BEGIN RECORD EXCERPTS
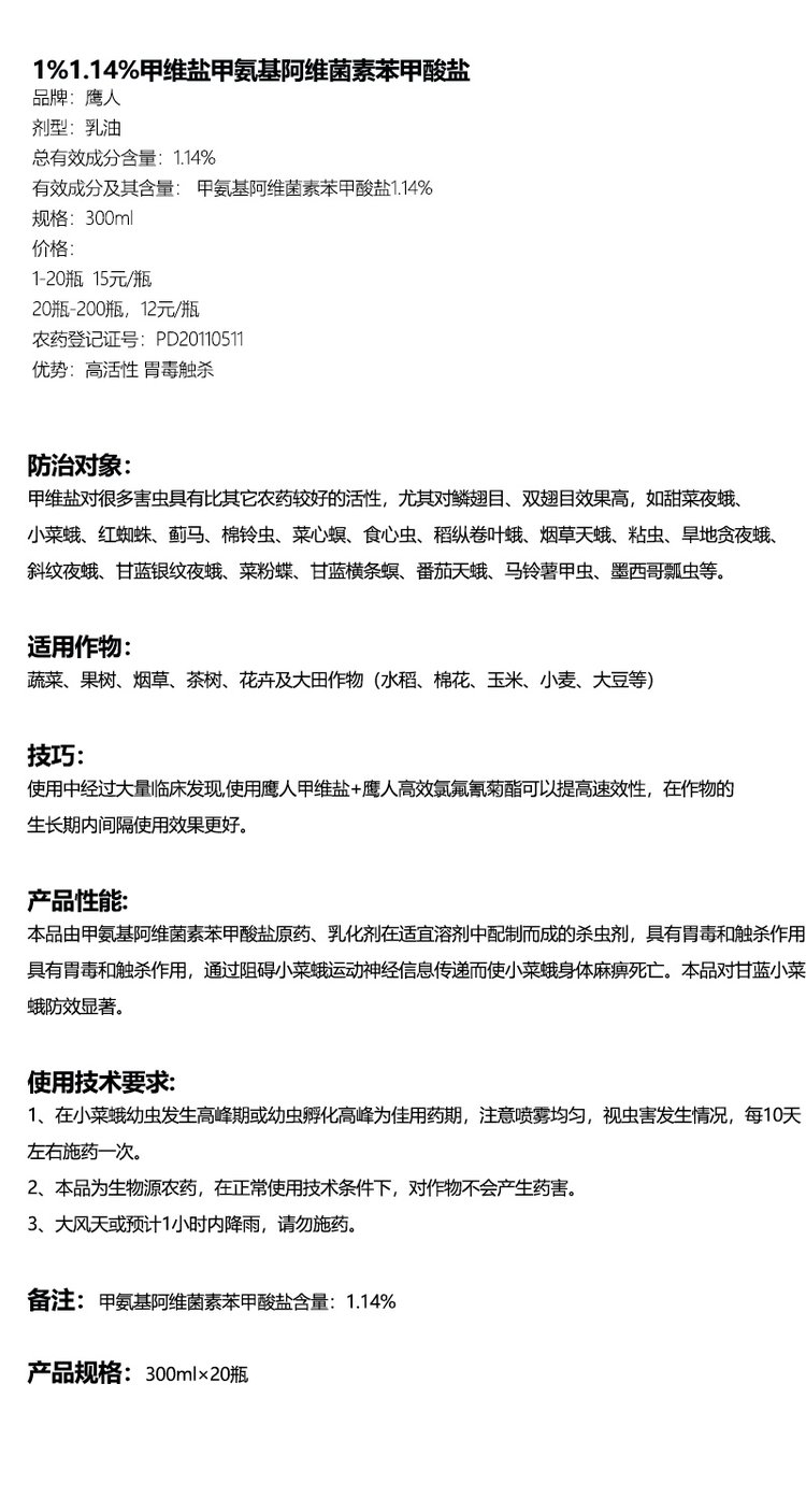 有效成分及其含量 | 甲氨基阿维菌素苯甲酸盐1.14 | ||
END RECORD EXCERPTS
BEGIN RECORD EXCERPTS
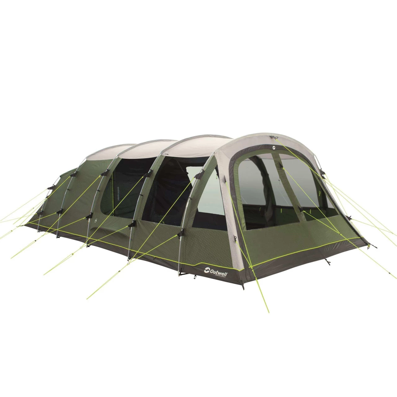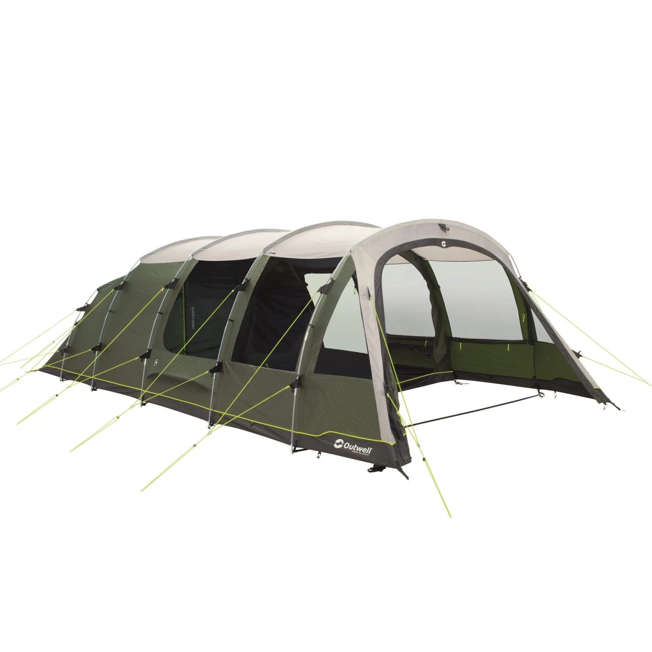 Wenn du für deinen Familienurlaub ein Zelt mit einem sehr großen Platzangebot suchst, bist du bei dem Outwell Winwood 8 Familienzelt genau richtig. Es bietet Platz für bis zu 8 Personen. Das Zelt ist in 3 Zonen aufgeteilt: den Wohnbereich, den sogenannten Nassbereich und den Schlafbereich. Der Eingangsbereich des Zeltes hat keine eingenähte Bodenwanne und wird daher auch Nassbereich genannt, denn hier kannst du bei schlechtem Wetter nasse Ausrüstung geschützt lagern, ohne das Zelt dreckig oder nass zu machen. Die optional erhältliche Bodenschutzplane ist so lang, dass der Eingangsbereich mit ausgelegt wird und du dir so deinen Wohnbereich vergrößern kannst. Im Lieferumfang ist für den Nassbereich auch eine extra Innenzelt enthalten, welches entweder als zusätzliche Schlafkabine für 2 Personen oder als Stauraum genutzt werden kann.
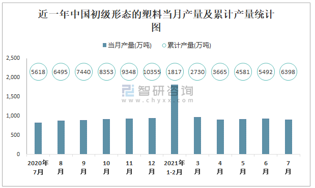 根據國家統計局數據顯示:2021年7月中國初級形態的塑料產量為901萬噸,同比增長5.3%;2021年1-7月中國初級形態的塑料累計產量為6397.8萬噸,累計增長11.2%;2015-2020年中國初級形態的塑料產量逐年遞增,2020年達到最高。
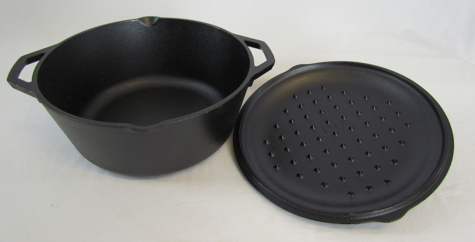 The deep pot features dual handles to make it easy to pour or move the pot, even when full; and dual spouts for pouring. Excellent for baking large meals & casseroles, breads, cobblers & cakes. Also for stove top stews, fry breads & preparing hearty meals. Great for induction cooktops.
END RECORD EXCERPTS
BEGIN RECORD EXCERPTS
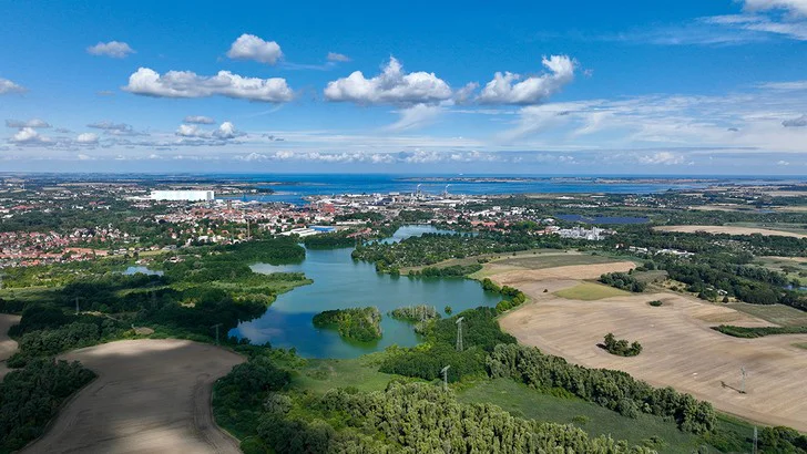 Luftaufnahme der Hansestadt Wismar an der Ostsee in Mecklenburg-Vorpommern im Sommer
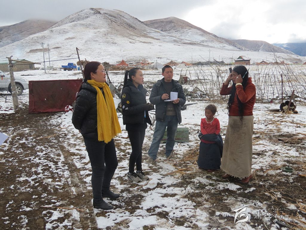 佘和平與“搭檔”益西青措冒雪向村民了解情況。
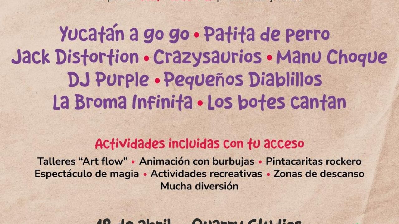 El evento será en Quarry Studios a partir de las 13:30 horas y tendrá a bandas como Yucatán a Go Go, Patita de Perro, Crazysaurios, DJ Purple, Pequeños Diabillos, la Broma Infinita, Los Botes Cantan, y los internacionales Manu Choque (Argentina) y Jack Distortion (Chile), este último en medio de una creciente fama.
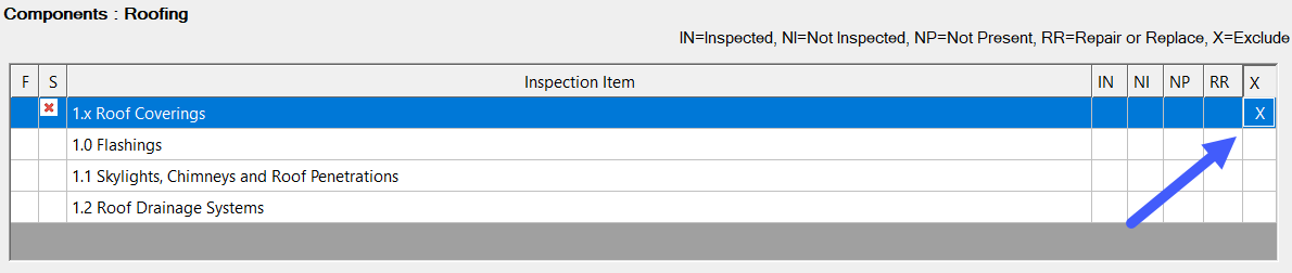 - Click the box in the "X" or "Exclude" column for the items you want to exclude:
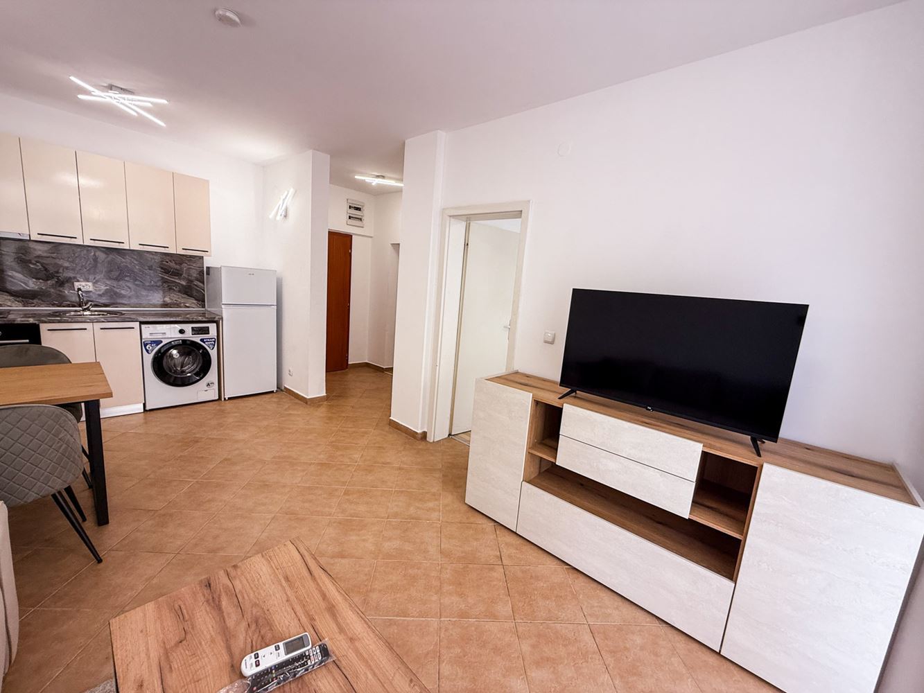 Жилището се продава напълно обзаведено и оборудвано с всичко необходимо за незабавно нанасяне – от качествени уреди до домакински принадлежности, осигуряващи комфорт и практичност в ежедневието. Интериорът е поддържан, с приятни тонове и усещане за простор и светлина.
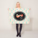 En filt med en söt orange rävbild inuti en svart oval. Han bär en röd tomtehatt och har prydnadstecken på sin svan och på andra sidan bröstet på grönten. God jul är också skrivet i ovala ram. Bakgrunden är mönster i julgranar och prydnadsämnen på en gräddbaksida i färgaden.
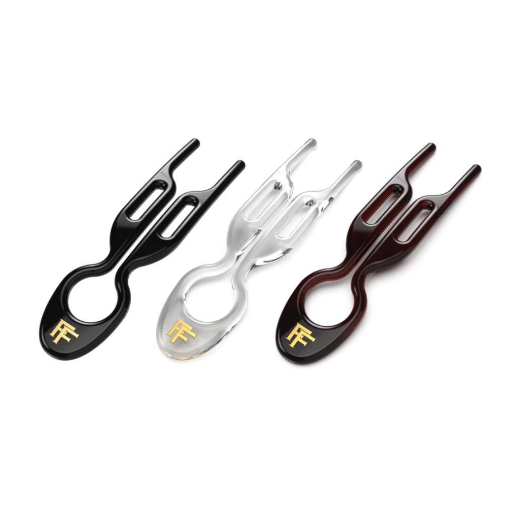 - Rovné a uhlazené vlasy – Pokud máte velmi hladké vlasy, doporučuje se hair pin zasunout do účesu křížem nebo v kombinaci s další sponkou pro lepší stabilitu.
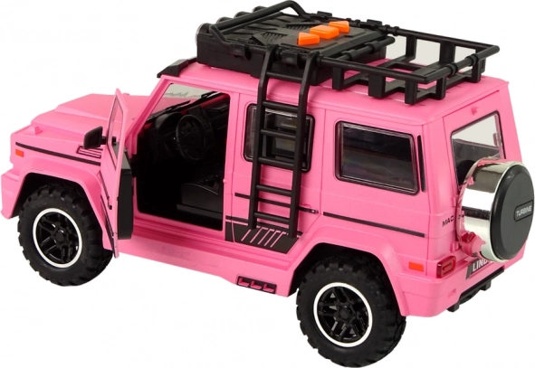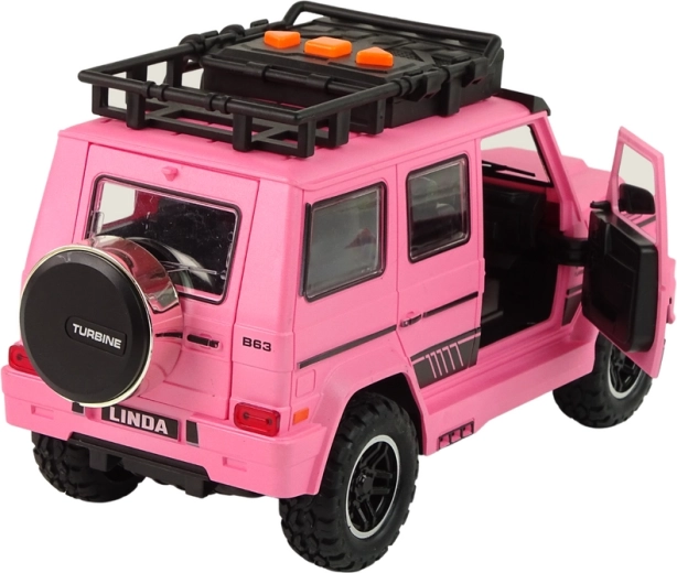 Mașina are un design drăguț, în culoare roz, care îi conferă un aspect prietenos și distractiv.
END RECORD EXCERPTS
TASK TO CARRY OUT: Output only the stretch above from the line with "Жилището се продава" through the line with "- Rovné a uhlazené", reproduced exactly. Exclude pictures.

OUTPUT:
 Жилището се продава напълно обзаведено и оборудвано с всичко необходимо за незабавно нанасяне – от качествени уреди до домакински принадлежности, осигуряващи комфорт и практичност в ежедневието. Интериорът е поддържан, с приятни тонове и усещане за простор и светлина.
 En filt med en söt orange rävbild inuti en svart oval. Han bär en röd tomtehatt och har prydnadstecken på sin svan och på andra sidan bröstet på grönten. God jul är också skrivet i ovala ram. Bakgrunden är mönster i julgranar och prydnadsämnen på en gräddbaksida i färgaden.
 - Rovné a uhlazené vlasy – Pokud máte velmi hladké vlasy, doporučuje se hair pin zasunout do účesu křížem nebo v kombinaci s další sponkou pro lepší stabilitu.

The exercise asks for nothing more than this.